Work required: Would you retype, word for word, only the lines from the one holding "家事動線をコンパクトにするこ" through the final line of the entries below, without the pictures?

Stored data:
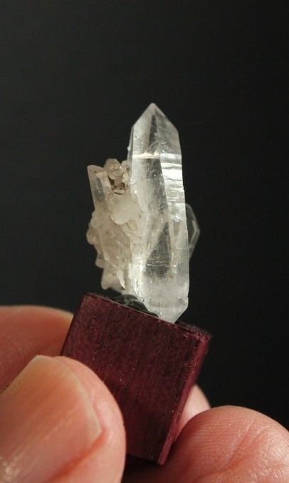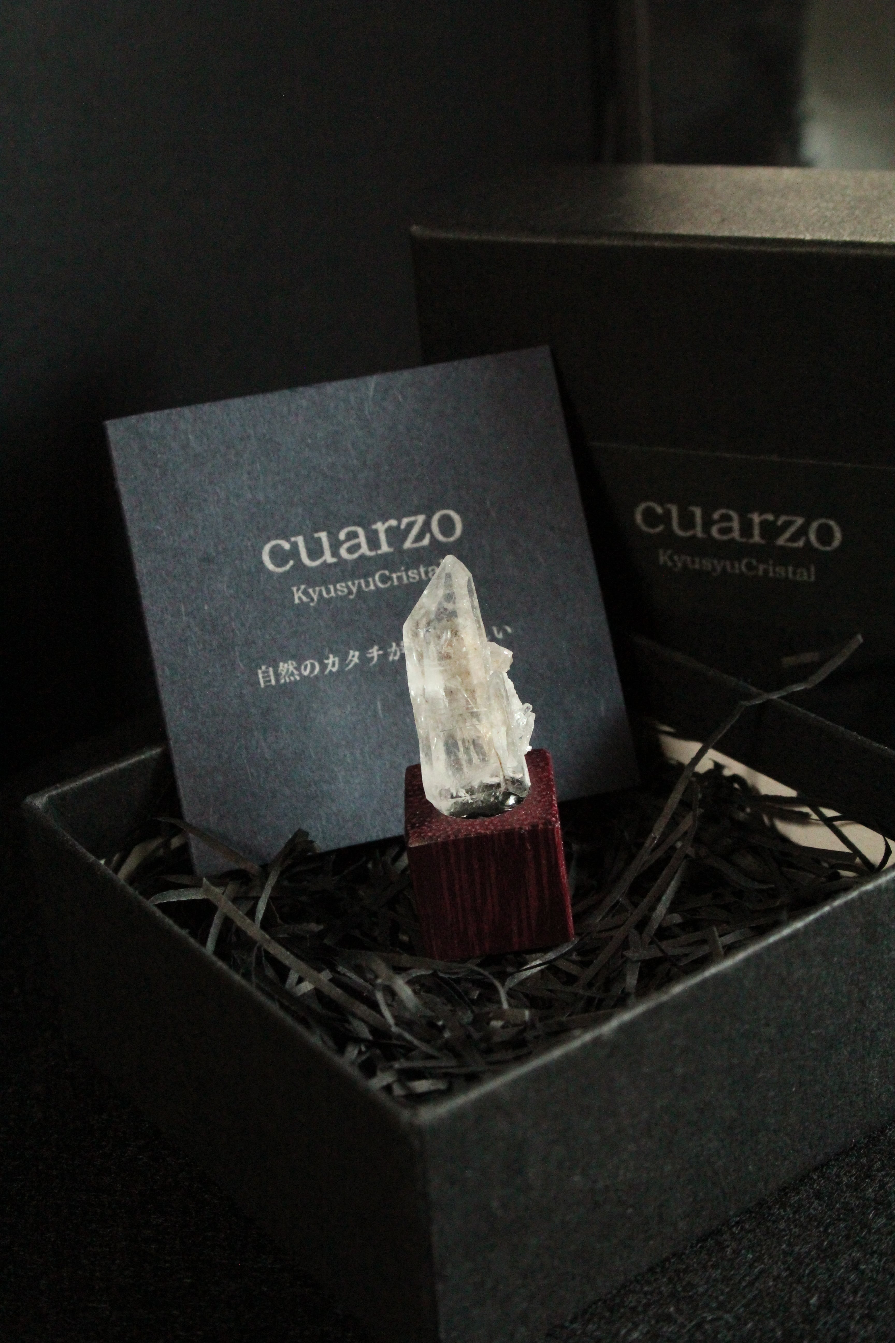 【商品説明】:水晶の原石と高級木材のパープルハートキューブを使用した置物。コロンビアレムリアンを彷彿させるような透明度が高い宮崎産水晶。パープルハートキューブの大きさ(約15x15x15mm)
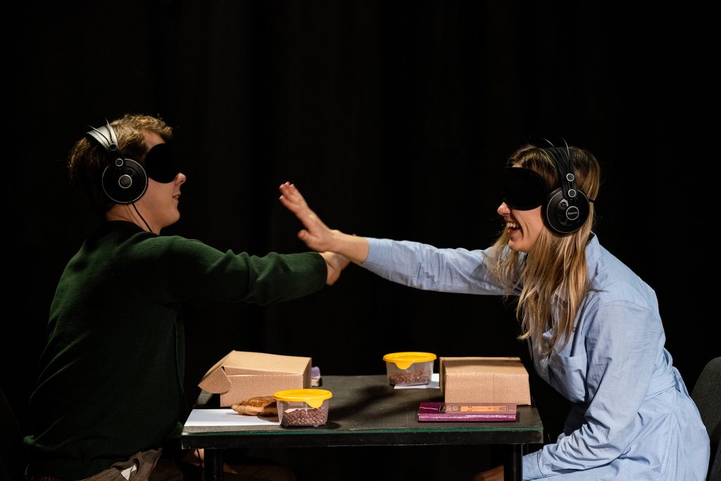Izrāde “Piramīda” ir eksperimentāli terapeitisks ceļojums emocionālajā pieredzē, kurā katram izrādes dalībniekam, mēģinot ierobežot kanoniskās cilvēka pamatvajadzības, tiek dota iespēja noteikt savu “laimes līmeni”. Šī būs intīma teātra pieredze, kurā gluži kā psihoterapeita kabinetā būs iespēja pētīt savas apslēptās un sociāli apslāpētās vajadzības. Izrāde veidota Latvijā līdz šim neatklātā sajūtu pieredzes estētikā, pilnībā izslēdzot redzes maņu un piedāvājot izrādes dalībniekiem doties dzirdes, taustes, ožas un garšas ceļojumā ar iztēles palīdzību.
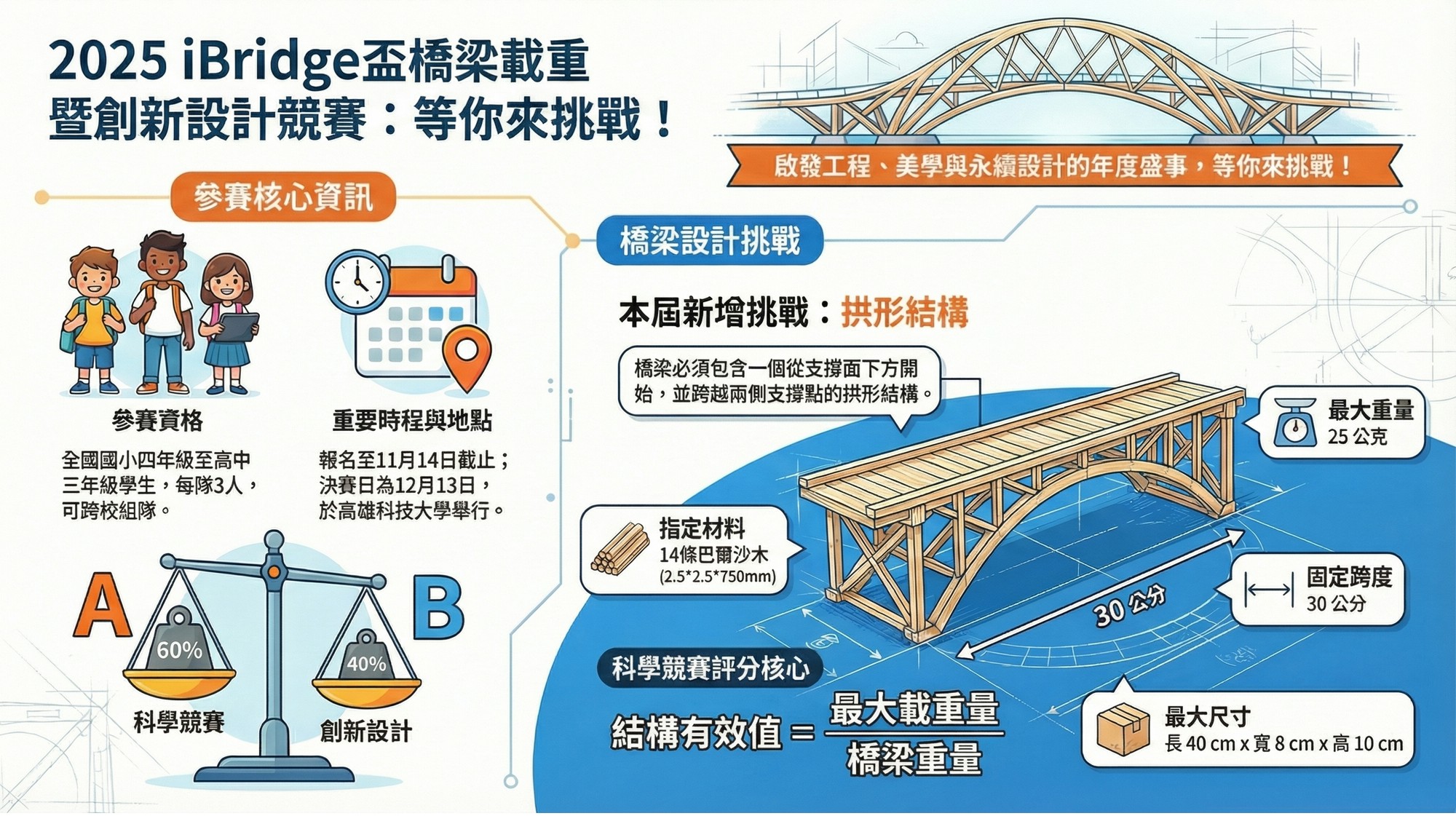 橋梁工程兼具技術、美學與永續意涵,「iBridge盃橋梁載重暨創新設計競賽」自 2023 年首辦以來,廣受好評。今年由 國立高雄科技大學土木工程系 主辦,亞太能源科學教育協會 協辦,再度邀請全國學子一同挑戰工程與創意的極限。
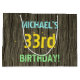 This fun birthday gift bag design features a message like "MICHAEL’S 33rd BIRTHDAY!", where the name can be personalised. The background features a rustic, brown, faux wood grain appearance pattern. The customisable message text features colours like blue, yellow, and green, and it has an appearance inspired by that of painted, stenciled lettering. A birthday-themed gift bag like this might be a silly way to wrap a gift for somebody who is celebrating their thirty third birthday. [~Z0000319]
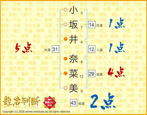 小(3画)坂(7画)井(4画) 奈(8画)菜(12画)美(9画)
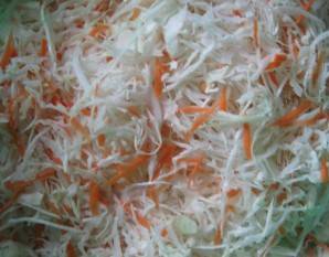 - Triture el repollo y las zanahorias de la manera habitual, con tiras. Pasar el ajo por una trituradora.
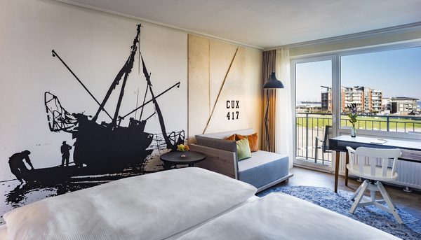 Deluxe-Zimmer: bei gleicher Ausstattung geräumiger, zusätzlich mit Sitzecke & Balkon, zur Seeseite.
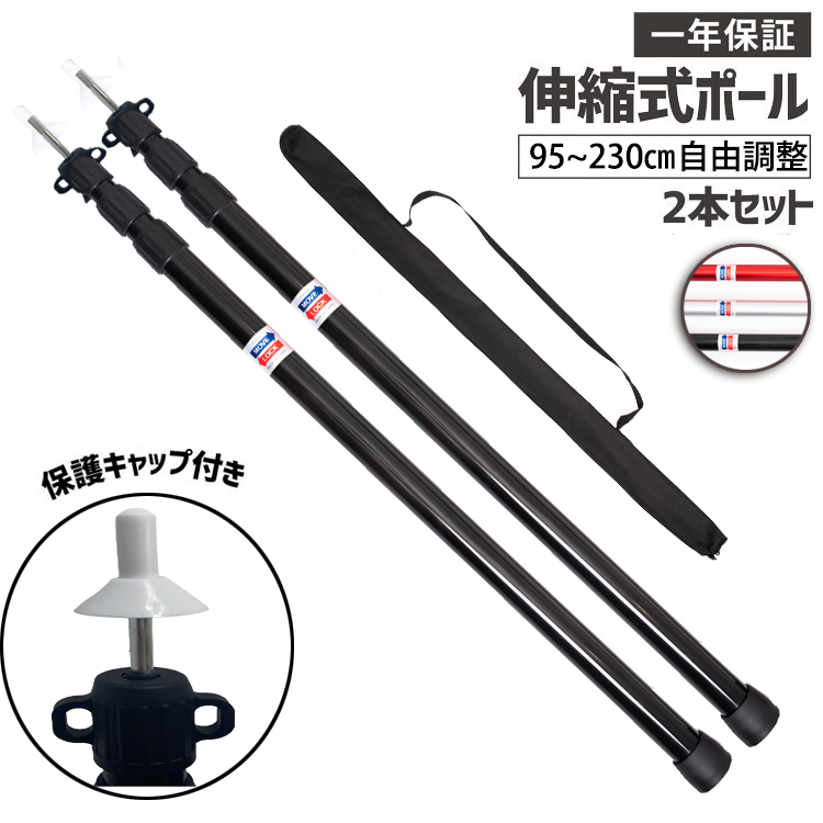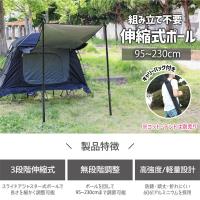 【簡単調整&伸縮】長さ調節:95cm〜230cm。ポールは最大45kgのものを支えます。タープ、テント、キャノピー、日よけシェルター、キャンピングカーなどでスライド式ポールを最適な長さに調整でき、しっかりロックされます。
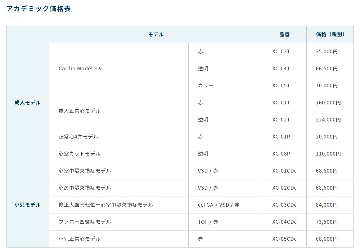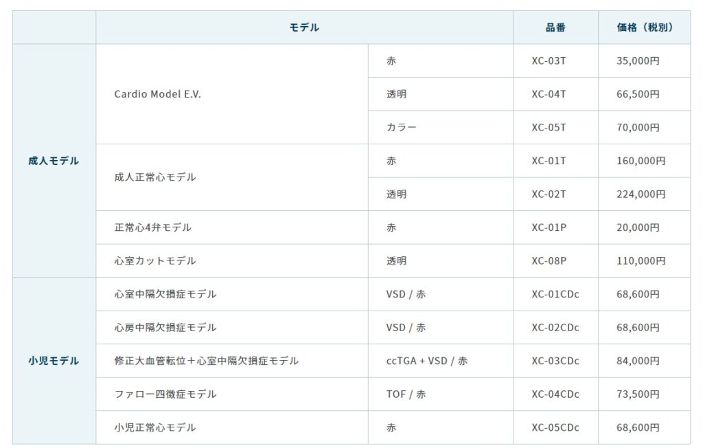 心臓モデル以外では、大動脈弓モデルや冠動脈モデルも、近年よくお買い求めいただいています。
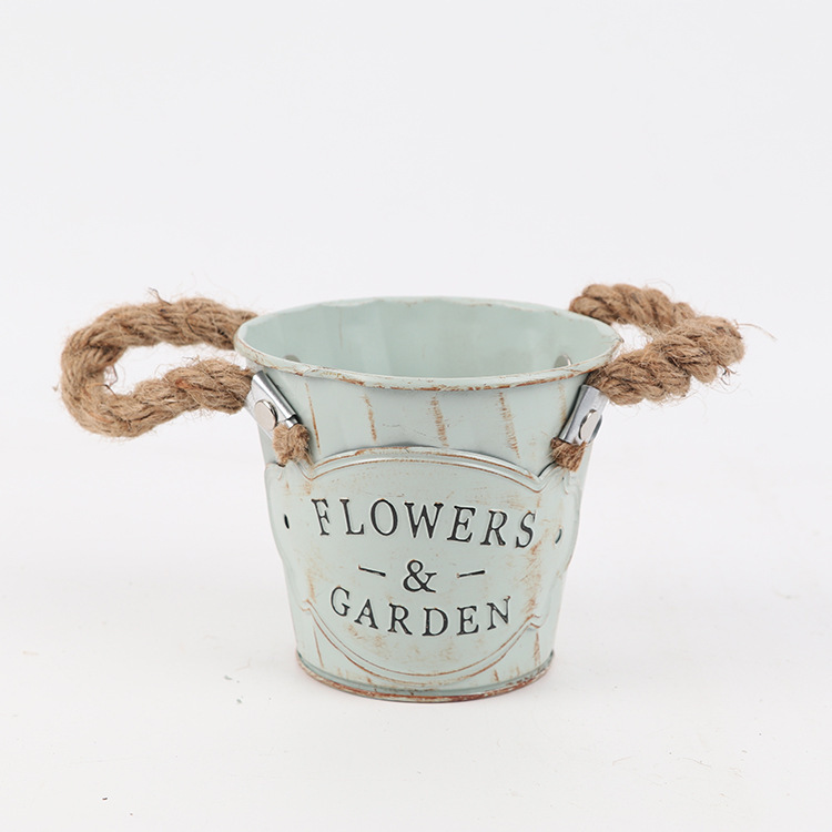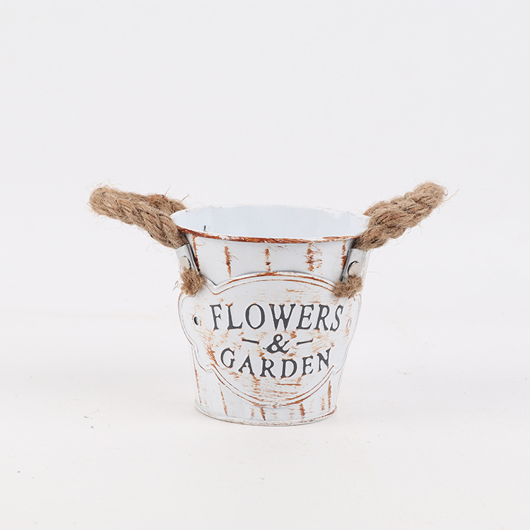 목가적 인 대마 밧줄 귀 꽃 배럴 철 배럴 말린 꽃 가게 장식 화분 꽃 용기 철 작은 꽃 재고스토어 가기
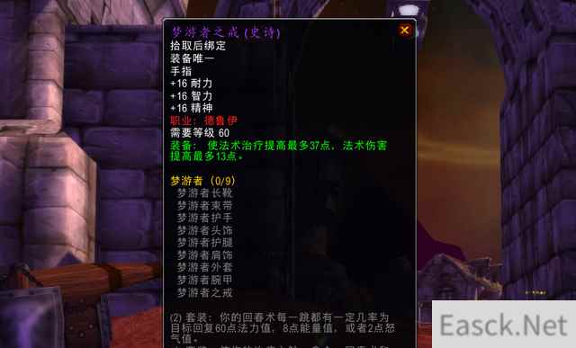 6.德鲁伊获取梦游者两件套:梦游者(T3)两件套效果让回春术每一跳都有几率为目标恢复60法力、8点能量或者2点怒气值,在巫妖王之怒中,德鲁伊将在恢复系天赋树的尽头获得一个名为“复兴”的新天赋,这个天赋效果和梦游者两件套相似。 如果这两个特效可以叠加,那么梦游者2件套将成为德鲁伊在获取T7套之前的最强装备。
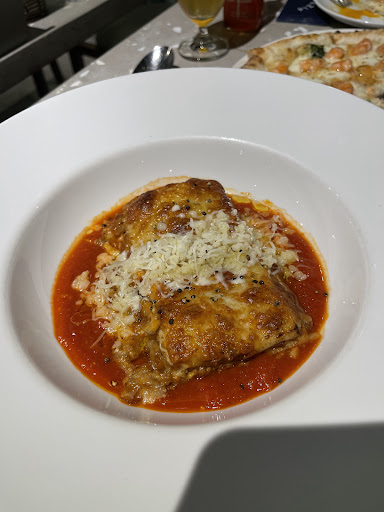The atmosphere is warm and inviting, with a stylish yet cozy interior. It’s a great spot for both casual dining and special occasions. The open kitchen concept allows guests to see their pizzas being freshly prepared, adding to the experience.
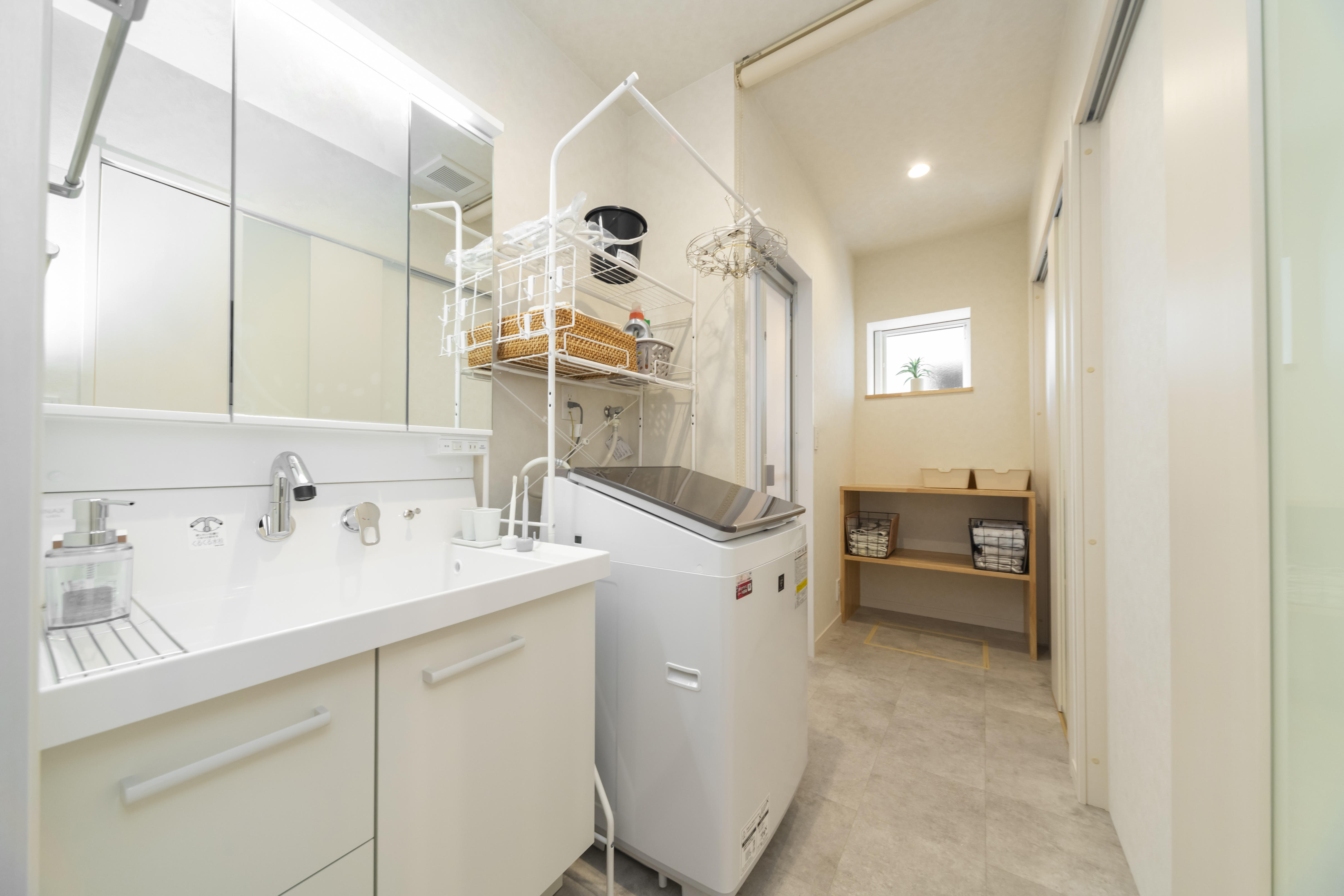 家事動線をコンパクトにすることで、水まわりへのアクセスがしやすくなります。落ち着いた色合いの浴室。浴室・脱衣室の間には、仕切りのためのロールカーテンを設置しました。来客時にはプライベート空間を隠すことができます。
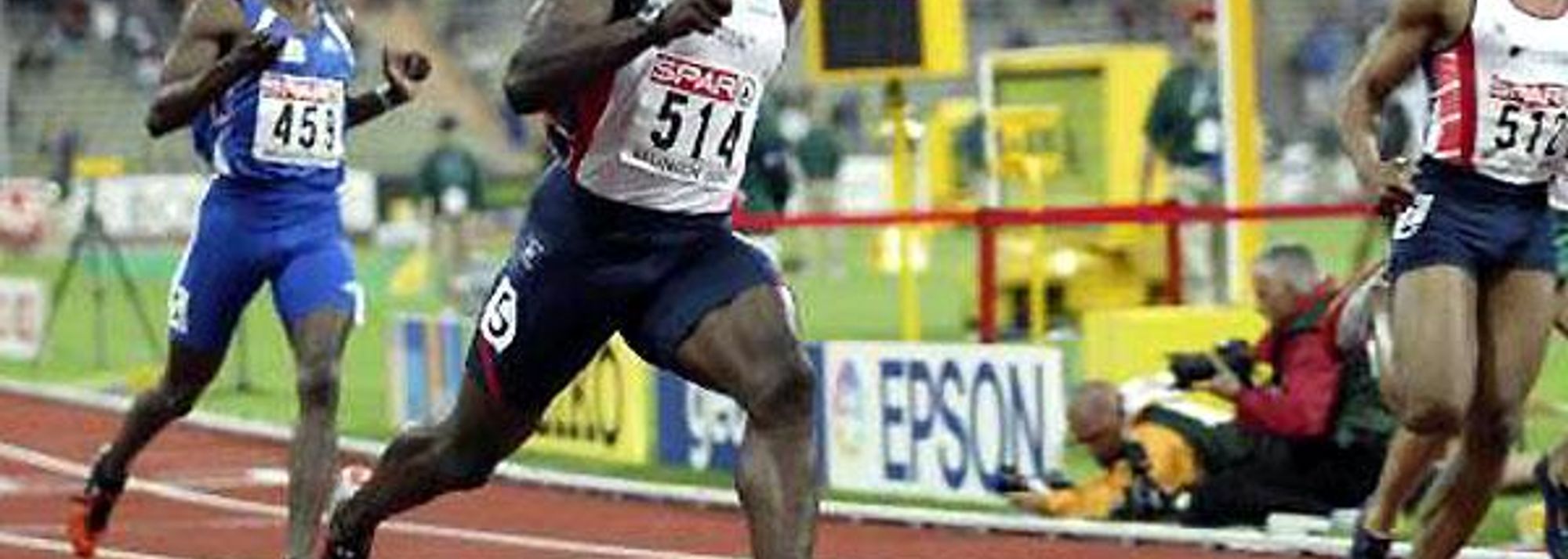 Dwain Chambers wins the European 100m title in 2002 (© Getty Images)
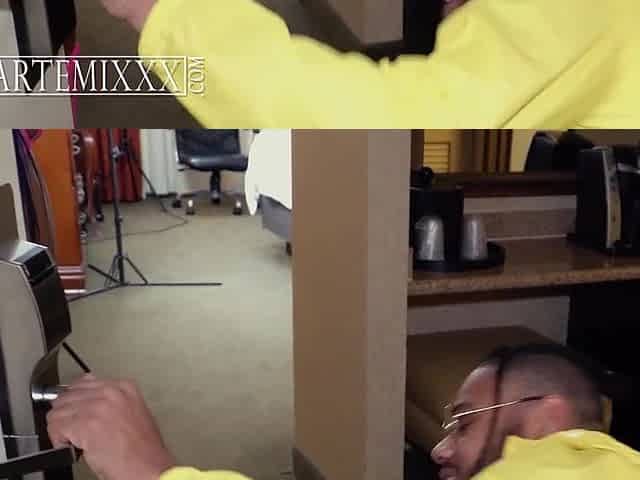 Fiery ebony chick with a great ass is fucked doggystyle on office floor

Response area:
 家事動線をコンパクトにすることで、水まわりへのアクセスがしやすくなります。落ち着いた色合いの浴室。浴室・脱衣室の間には、仕切りのためのロールカーテンを設置しました。来客時にはプライベート空間を隠すことができます。
 Dwain Chambers wins the European 100m title in 2002 (© Getty Images)
 Fiery ebony chick with a great ass is fucked doggystyle on office floor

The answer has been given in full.